RE –What can you tell us aboutt the niece of Sir Joh Bjelke
Petersen, Marie who was a romance fiction writer in the 20s and 30s and grew up
in Tasmania? Marie was an early ‘out’ lesbian, it seems
DA Did Joh know!?
MM –Marie Bjelke Peterson lived with her loved one Sylvie, and
about that, there is no doubt in our minds. She also wrote film scripts and one
of them is called Jewelled Nights. It’s set up in the North West coast of
Tasmania in a mining town and it’s about a young woman who is unhappy in love
and goes to the mining town dressed as a miner, a very glamorous miner. This
chap falls in love with her and it’s very Shakesperean as there is the issue
being the ‘wrong’ sex to be in love with. It is slightly coded but it was quite
advancied. Louise Lovely, who starred in it was a Hollywood film star who came
back to Tasmania with her husband. They had the Prince of Wales Theatre in
Macquarie Street and she also ran screen tests for anyone who wanted them at
the Theatre Royal.
In terms of Marie Bjelke Petersen and Joh knowing about her
sexuality, well Bob Brown decided to propose making the criminal act gender
neutral. It was just around the time when anti homosexual laws had been
introduced in Queensland. As soon as Bob Brown had got it through the lower
house he realised that this meant that, to change the language to gender
neutral, sex between women would become criminalised. He was horrified and
approached the speaker and asked whether it could be rescinded but it did go
through to the Upper House. He then discovered that in Queensland Joh had
specifically asked that women be excluded from this political code and although
he didn’t say, why it is quite interesting. It would make some level of sense because
Marie and Joh were quite attached to each other as aunt and nephew.
RE where do you see the movement going and what would be an
ideal future considering the conversation we’ve had today?
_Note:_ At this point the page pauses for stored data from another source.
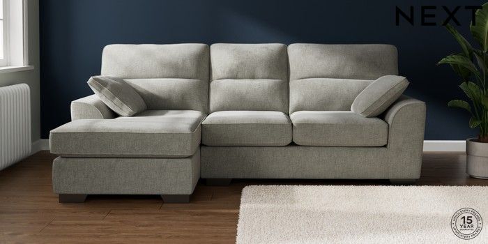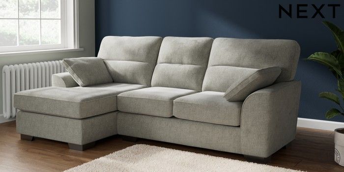 7.2.6 Buy Stamford Highback Medium Sofa Chaise - Left Hand Chunky Chenille Light Grey Large Square Angle - Gunmetal from the Next UK online shop Click here to use our accessible website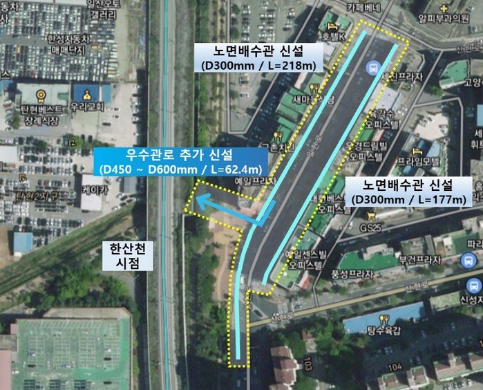 해당 지역의 침수 피해를 막기 위해 고양시 상하수도사업소 하수행정과는 공사를 통해 도로 양측에 약 400m 규모의 노면 배수관을 설치하고, 63m 규모의 우수관을 신설했다.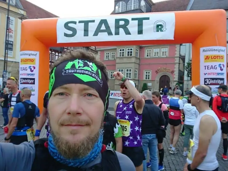 Eine Ungefähre Zielzeit hatte ich auch, wovon mir aber der gute Laufkumpel abriet der uns nach Eisenach fuhr, direkt zum Marktplatz. Super Service Michael! Noch war der Marktplatz überschaubar was Laufverrückte anging. Ole, Wiederholungstäter im zweistelligen Bereich nahm mich „an der Hand „und wir holten die Startunterlagen und suchten fluchs noch das blaue stille Örtchen auf, so lange noch kein Andrang herrschte. Nach seinem Rat stellte ich mich auch nach Abgabe des Gepäckstückes nicht allzu weit vom Startbogen auf, auch um eventuell einen Blick auf den Neuschwander Florian zu erhaschen der den Supermarathon als Training für den Western States 100 nutzen wollte. Ich traf auch noch ein paar Bekannte, meine Begleiter hatte ich inzwischen aus den Augen verloren. Da wir das gleiche Ziel hatten aber kein Problem.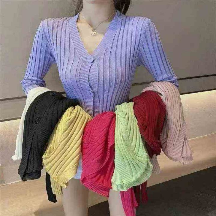 韩版2025chic长袖针织开衫女装外套毛衣春秋新款修身蕾...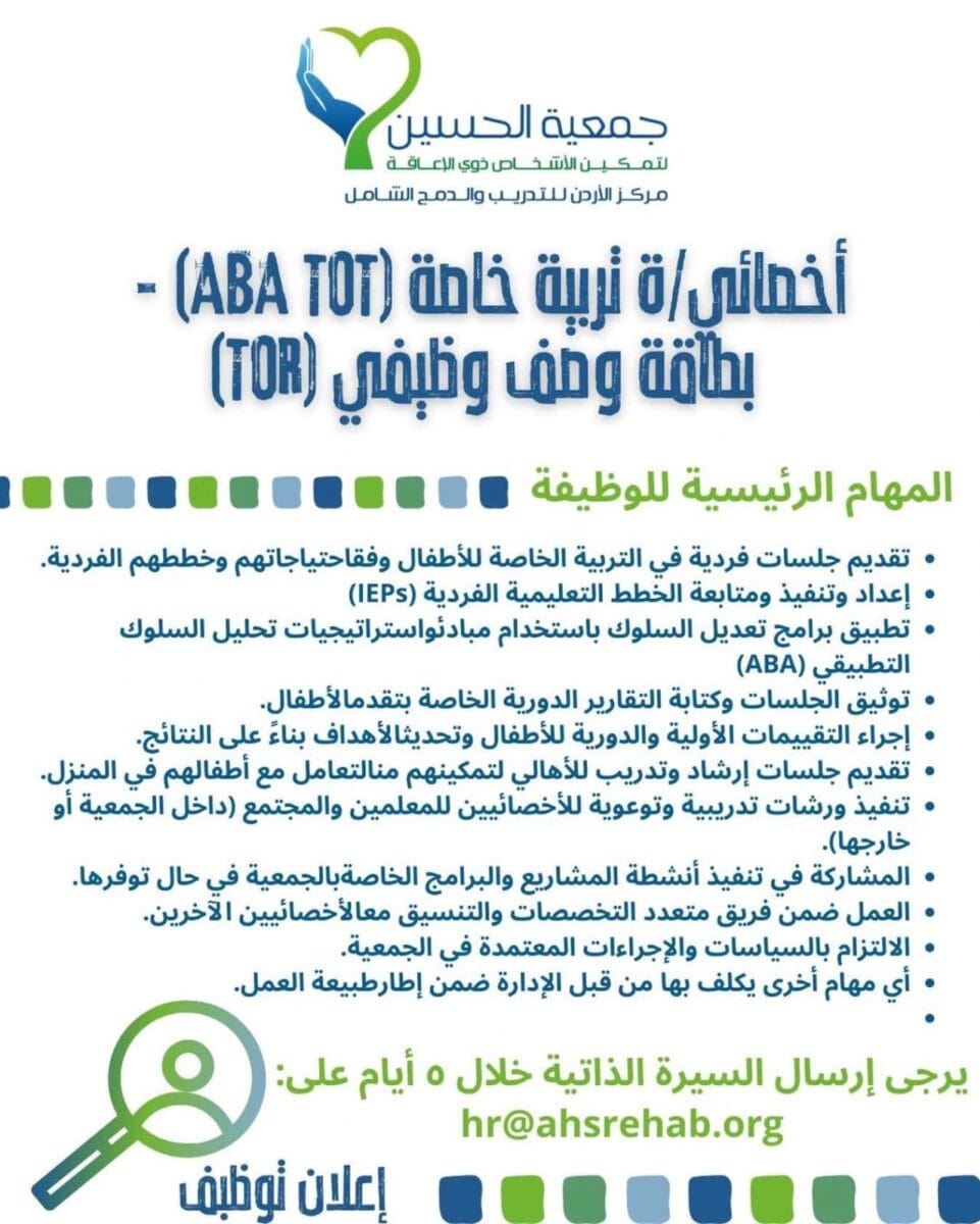 مطلوب أخصائي/أخصائية تربية خاصة (ABA / TOT) – فرصة مهنية مؤثرة في التأهيل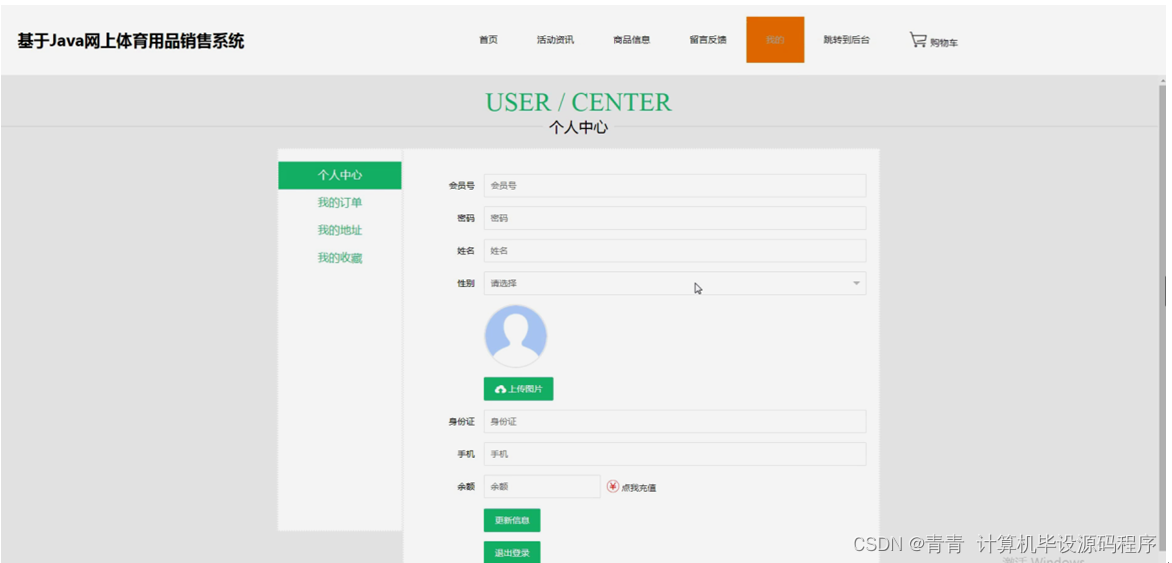 我的:在个人中心页面输入个人信息可以进行更新操作,还可以根据需要对我的订单、我的地址和我的收藏进行详细操作;如图5-5所示: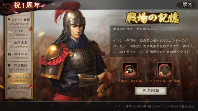 イベント期間中、 歴史勢力値が300以上の君主様は、 1周年振り返り映像を視聴できます。 視聴後に内容を共有すると、 期間限定の外観報酬を受け取れます。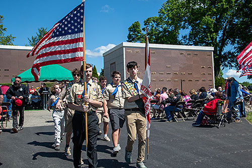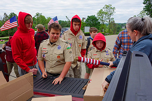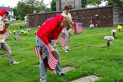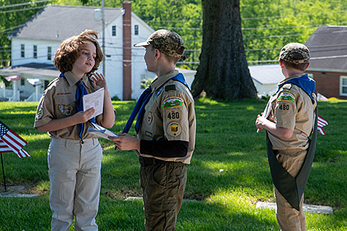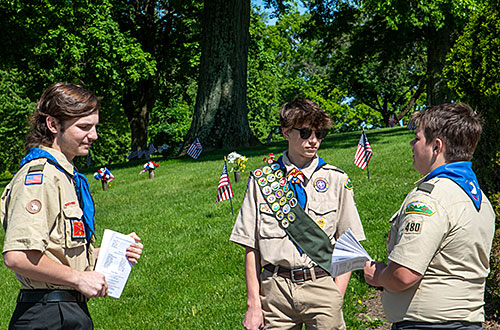 Each year, in remembrance of those who gave their lives for our country, and in honor of those who have served in our country's military forces, Troop 480 places flags on veterans graves and participates in Memorial Day services at the Westmoreland Memorial Park.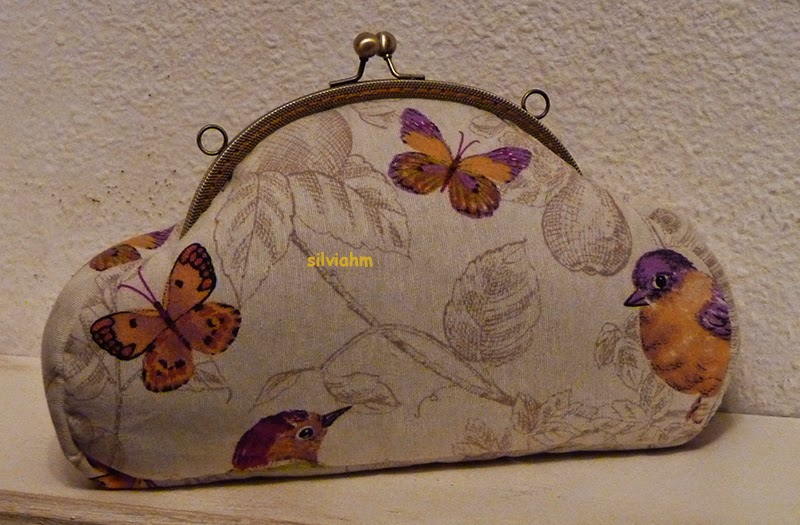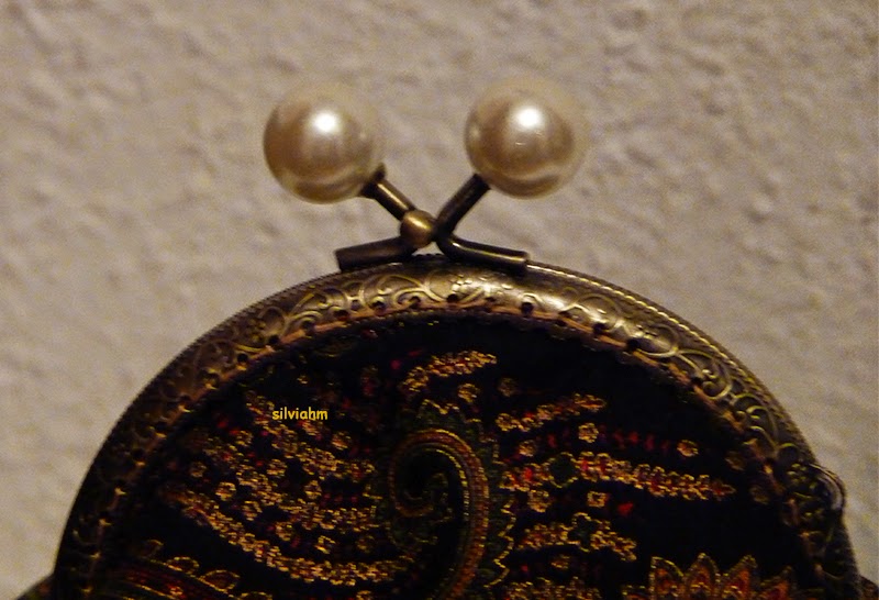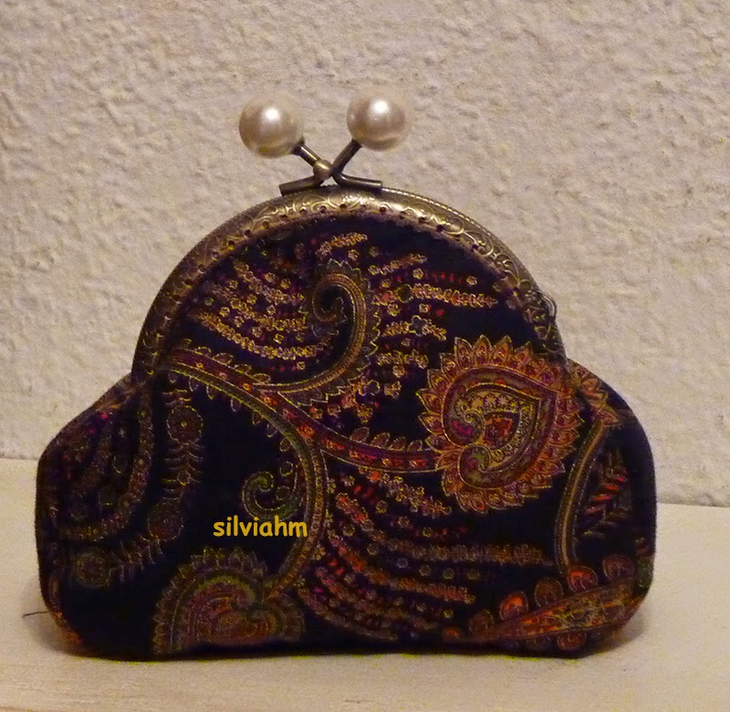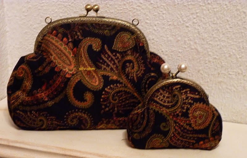 Y éstos son los que hice yo en los distintos talleres; en el último decidí hacer un monedero en vez de bolso.Me había quedado un trozo de tela de cuando hice éste negro y dorado, una tela preciosa de esas que se guardan mucho tiempo porque da pena usarlas y a la que la foto no hace justicia, así que ya tengo el conjunto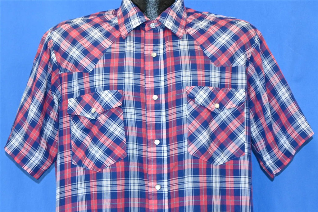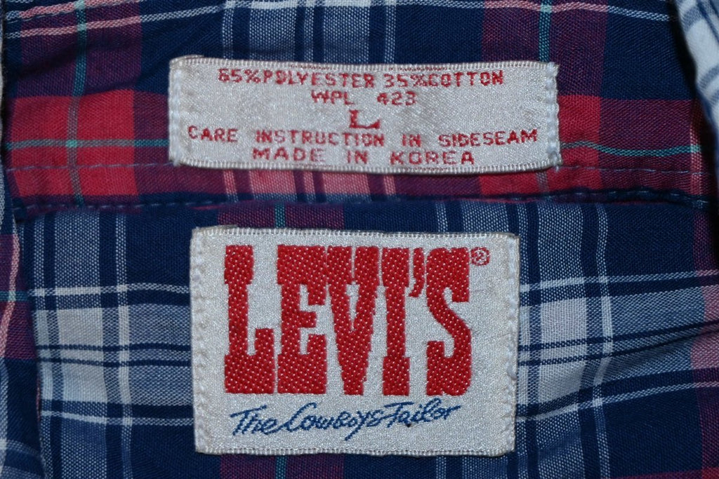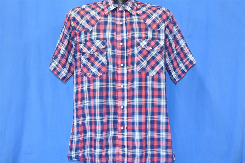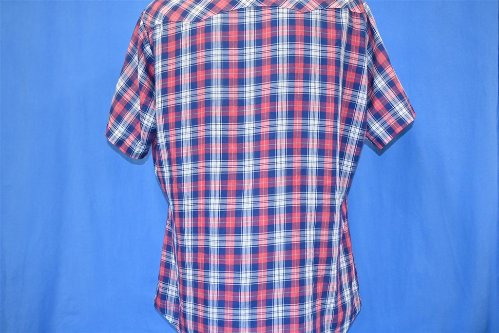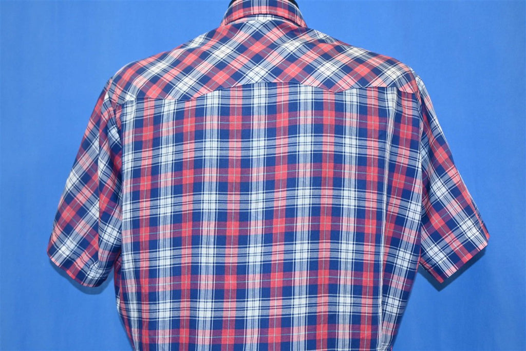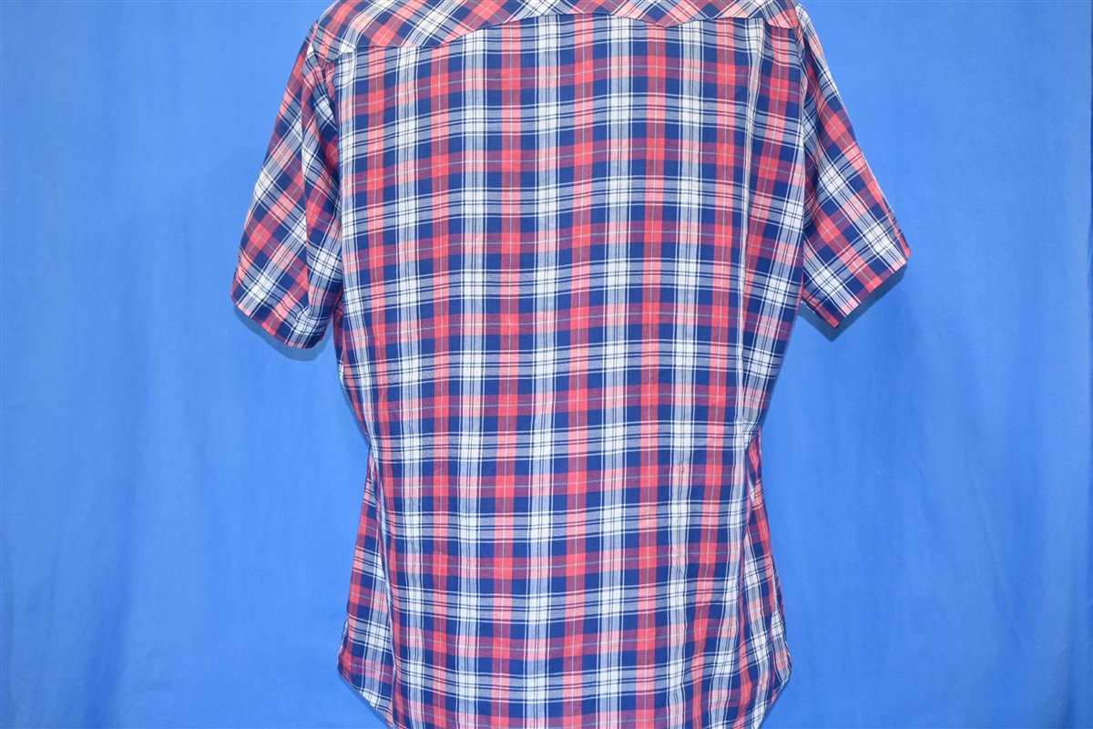 90s Levi's Red White Blue Plaid Pearl Snap Cowboy Shirt Large

LW I would like to see the marriage equality legislation
passed, whether it’s in Tassie or nationally, leading to a nice bed for the
next movement maybe laws for parenting and surrogacy. This is where I see
myself campaigning in future.
DA for our relationship we need nothing to change, we’re
happy and we couldn’t marry if we wanted to – and we’re not interested. I’ve
said before if I were going to be in a straight relationship I wouldn’t marry
again. However, I support the Bill for those who wish to marry.
MM I would like it to be absolutely ok for children to be
growing up with parents in gay relationships and for their peers to think it’s
OK for their parents to be gay. There can be bullying around parents and their
own sexuality. I want being gay to be absolutely fine for children in schools
and accepted. I would just I would love this fundamental Christianity - fundamental any religion, - really strong
anti gay predjudice to be dissipated. I know that’s not really within our
control but the fundamentalists of any persuasion are making lives an absolute
misery for gay, lesbian and transgender people.
LW one of things I would like to see is about how a young
person should never have to come out. I say to my friends “when did you tell
your mother you were straight?” Keeping in mind that everyone is individual and
everyone should be not just tolerated but accepted and embraced for their
difference.
DA it’s a matter of total acceptance, not just a matter of
tolerance. It’s a great ambition and something to work towards.
MM –even in movies, on television and in the media generally
if there is a gay relationship not only is it hardly ever women, mostly men and
hardly ever the focus of the movie.
LW – like in Modern Family – the jokes are always about who
is more camp than the other and although I do find it quite funny I would still
much rather if you could have that relationship without the focus on sexuality.